◆ **Task objective**
Please, without the pictures, restate every entry exactly.

◆ **Records to use**
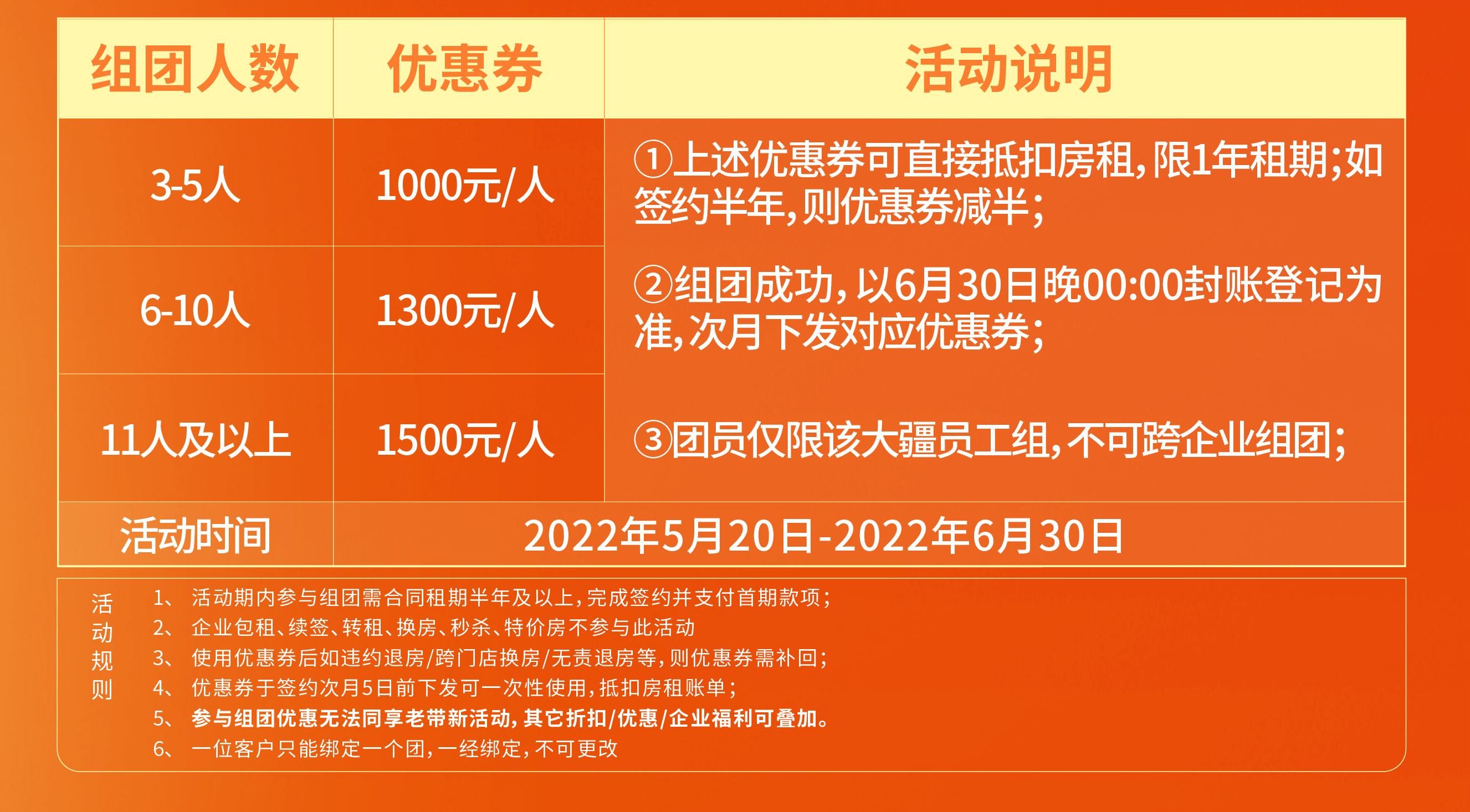 1、活动期内参与组团需合同租期半年及以上,完成签约并支付首期款项;
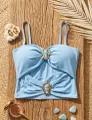 Top cropped com alças ajustáveis, caimento suave e tecido macio que não aperta. O grande destaque fica na fivela dourada frontal, conferindo charme moderno ao visual. Perfeito para looks do dia a dia, passeios ou com bikini por baixo. Versátil, combina com jeans, saias ou jaquetas leves. Confortável, não marca a pele e oferece boa elasticidade.
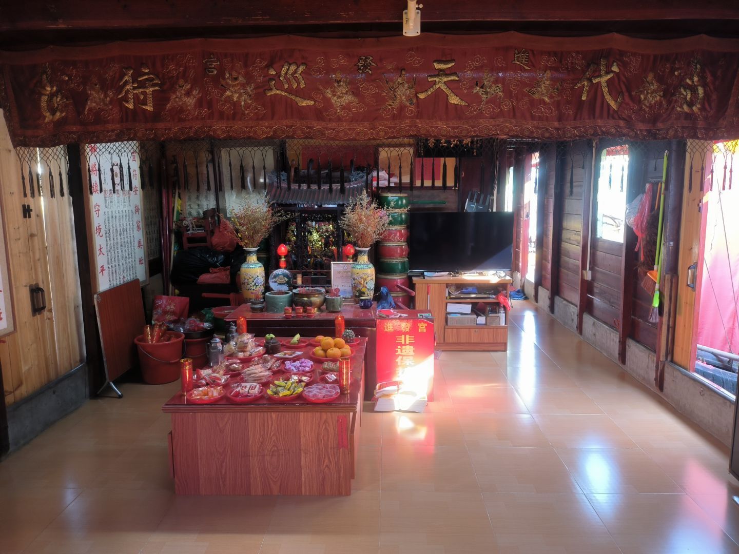 實(shí)踐隊(duì)此行的重要目的地——進(jìn)發(fā)宮,是世界上最小最神秘的袖珍級(jí)水上廟宇。這座廟宇有500多年的歷史,是船民世代傳承下來的廟,至今依然?吭诮嫔希钳D民們的精神寄托。實(shí)踐隊(duì)成員在宮內(nèi)仔細(xì)觀察,記錄下每一尊神像的細(xì)節(jié)和宮內(nèi)的布置。宮內(nèi)供奉著玄天上帝、九天玄女、玉皇上帝、關(guān)帝、閻羅王、哪吒、池朱邢李四王爺?shù)缺姸嗌耢`。每年農(nóng)歷三月初三,船民們會(huì)聚集到廟船里迎接從外海巡狩而來的王令駐鎮(zhèn),并領(lǐng)回一面三角令旗。這面令旗代表著王爺與大眾的約定,直到秋后九月十三要送出王船時(shí),再送回廟里隨王爺?shù)耐醮h(yuǎn)去。這一儀式不僅是信仰的傳承,更是疍民文化延續(xù)的象征。
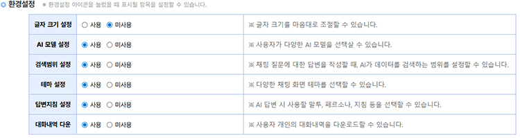 초기값을 설정하면 챗봇이 열릴 때마다 자동으로 적용되어, 언제든지 익숙하고 편안한 환경에서 대화할 수 있습니다.
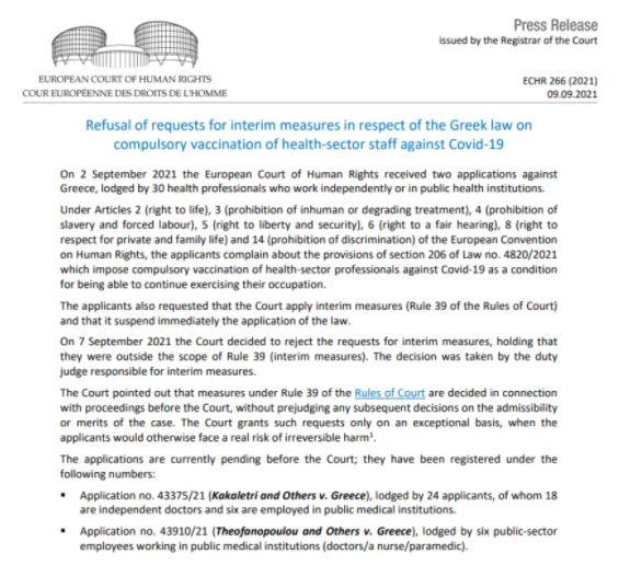 Το Ευρωπαϊκό Δικαστήριο Δικαιωμάτων του Ανθρώπου απέρριψε αιτήματα προσωρινής δικαστικής προστασίας που υπέβαλαν Ελληνες υγειονομικοί κατά του υποχρεωτικού εμβολιασμού.
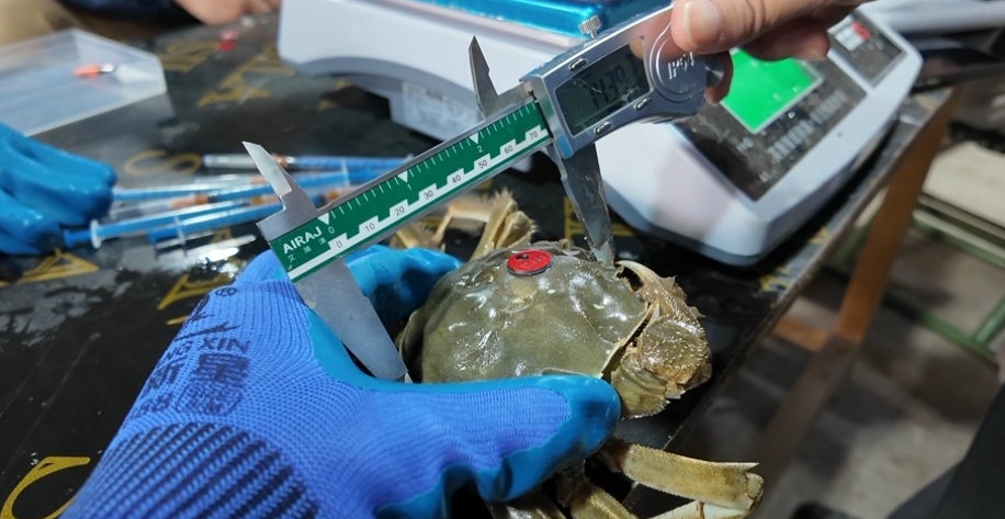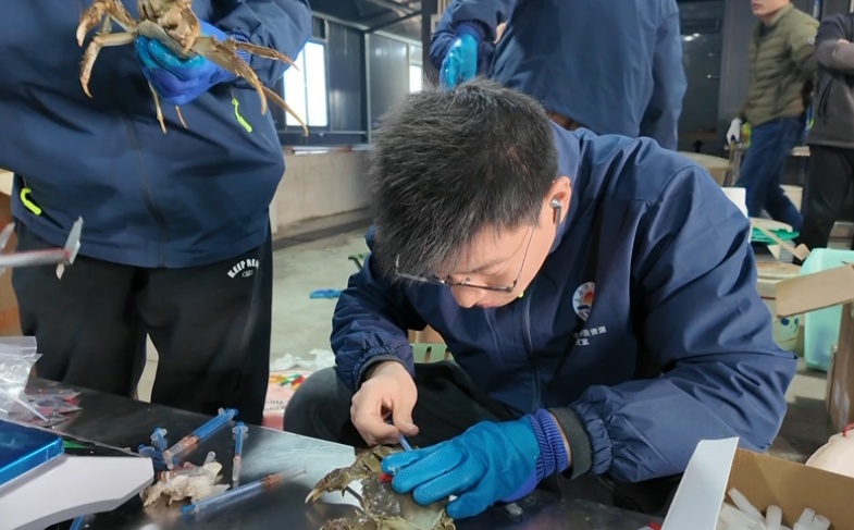 “我们正在给河蟹抽血,回实验室之后再进行基因检测,筛选更好的亲本。”上海海洋大学科研人员介绍,团队将对河蟹的体长、体重以及体形特征等关键数据进行详细记录,确保每一项数据都准确无误。这一步骤不仅为后续的选育工作提供了重要的参考依据,也为河蟹品质的全程追溯提供保障。

◆ **Your solution**
 1、活动期内参与组团需合同租期半年及以上,完成签约并支付首期款项;
 Top cropped com alças ajustáveis, caimento suave e tecido macio que não aperta. O grande destaque fica na fivela dourada frontal, conferindo charme moderno ao visual. Perfeito para looks do dia a dia, passeios ou com bikini por baixo. Versátil, combina com jeans, saias ou jaquetas leves. Confortável, não marca a pele e oferece boa elasticidade.
 實(shí)踐隊(duì)此行的重要目的地——進(jìn)發(fā)宮,是世界上最小最神秘的袖珍級(jí)水上廟宇。這座廟宇有500多年的歷史,是船民世代傳承下來的廟,至今依然?吭诮嫔希钳D民們的精神寄托。實(shí)踐隊(duì)成員在宮內(nèi)仔細(xì)觀察,記錄下每一尊神像的細(xì)節(jié)和宮內(nèi)的布置。宮內(nèi)供奉著玄天上帝、九天玄女、玉皇上帝、關(guān)帝、閻羅王、哪吒、池朱邢李四王爺?shù)缺姸嗌耢`。每年農(nóng)歷三月初三,船民們會(huì)聚集到廟船里迎接從外海巡狩而來的王令駐鎮(zhèn),并領(lǐng)回一面三角令旗。這面令旗代表著王爺與大眾的約定,直到秋后九月十三要送出王船時(shí),再送回廟里隨王爺?shù)耐醮h(yuǎn)去。這一儀式不僅是信仰的傳承,更是疍民文化延續(xù)的象征。
 초기값을 설정하면 챗봇이 열릴 때마다 자동으로 적용되어, 언제든지 익숙하고 편안한 환경에서 대화할 수 있습니다.
 Το Ευρωπαϊκό Δικαστήριο Δικαιωμάτων του Ανθρώπου απέρριψε αιτήματα προσωρινής δικαστικής προστασίας που υπέβαλαν Ελληνες υγειονομικοί κατά του υποχρεωτικού εμβολιασμού.
 “我们正在给河蟹抽血,回实验室之后再进行基因检测,筛选更好的亲本。”上海海洋大学科研人员介绍,团队将对河蟹的体长、体重以及体形特征等关键数据进行详细记录,确保每一项数据都准确无误。这一步骤不仅为后续的选育工作提供了重要的参考依据,也为河蟹品质的全程追溯提供保障。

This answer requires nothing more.